You cannot write a prescription without the element of the placebo. A prayer to Jupiter starts the prescription. It carries weight, the weight of two or three thousand years of medicine. - Eugene F. Dubois (1946)
As I was doing my literature research, I was also surveying healers and healees to understand healing better. It still took me a lot of delving into the research literature and further personal observations of spiritual healing to overcome my lingering doubts, skepticism and concerns that that original healing might have been some sort of aberrant fluke of chance.
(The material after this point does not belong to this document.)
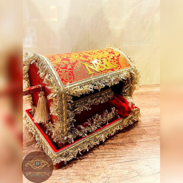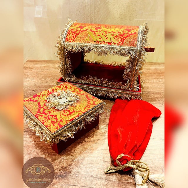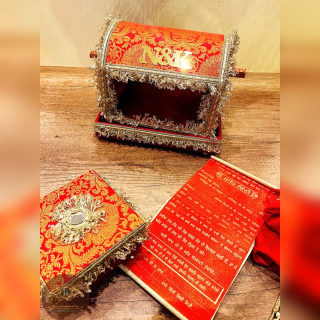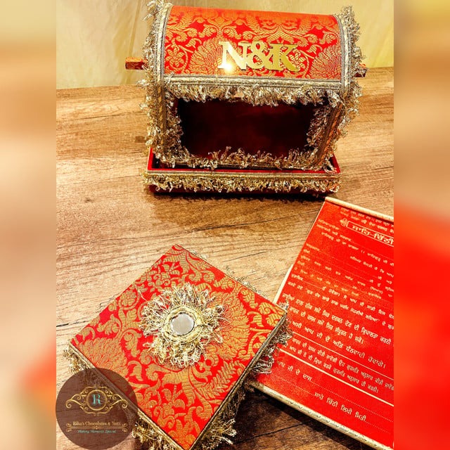 SAAHE CHITHI is a custom in punjabi weddings where the girl’s family prepare a wedding invitation for the boy’s family…. to officially invite the boy’s family to the solemnisation of the marriage and implies that you should now begin preps for the wedding day. Red is the symbol of the renewal of life in Indian culture, which is what the marriage signifies…. So, we curated this beautiful doli saahe chithi in Levander with gold detailing, mirror work & pretty tassels for bride The Set includes an exquisite Palki, dryfruit Box & the Ravishing Silk Saahi Chitti to write the invitation….. DM for customised wedding essentials.. 9815690258, 9878132551. Saahe Chithi available in different Colours and Designs with scroll and sweet box for 1st invitation to the groom’s family

Over the ensuing years, I was led further in the direction of exploring self-healing methods and mechanisms. Working in the US as a psychiatrist, I was incredibly frustrated by the detrimental influence of the managed care insurance on my chosen profession. I had gone into psychiatry to help people with psychotherapy, in the days when psychiatrists saw people for one to five hours per week of talking interventions, with minimal, if any, prescription of medications. Over the years, this had shifted to psychiatrists being primarily dispensers of psychoactive drugs, with sessions that were covered by insurance for only 15-20 minutes once a month. Working with children, I was able to negotiate a luxurious (within the current system) 30 minutes monthly, as I needed to speak not only with the children but also with parents, school teachers and school nurses, and family physicians who often handled refills of the prescriptions I wrote. Needless to say, this was a serious challenge to someone wanting to continue offering psychotherapy!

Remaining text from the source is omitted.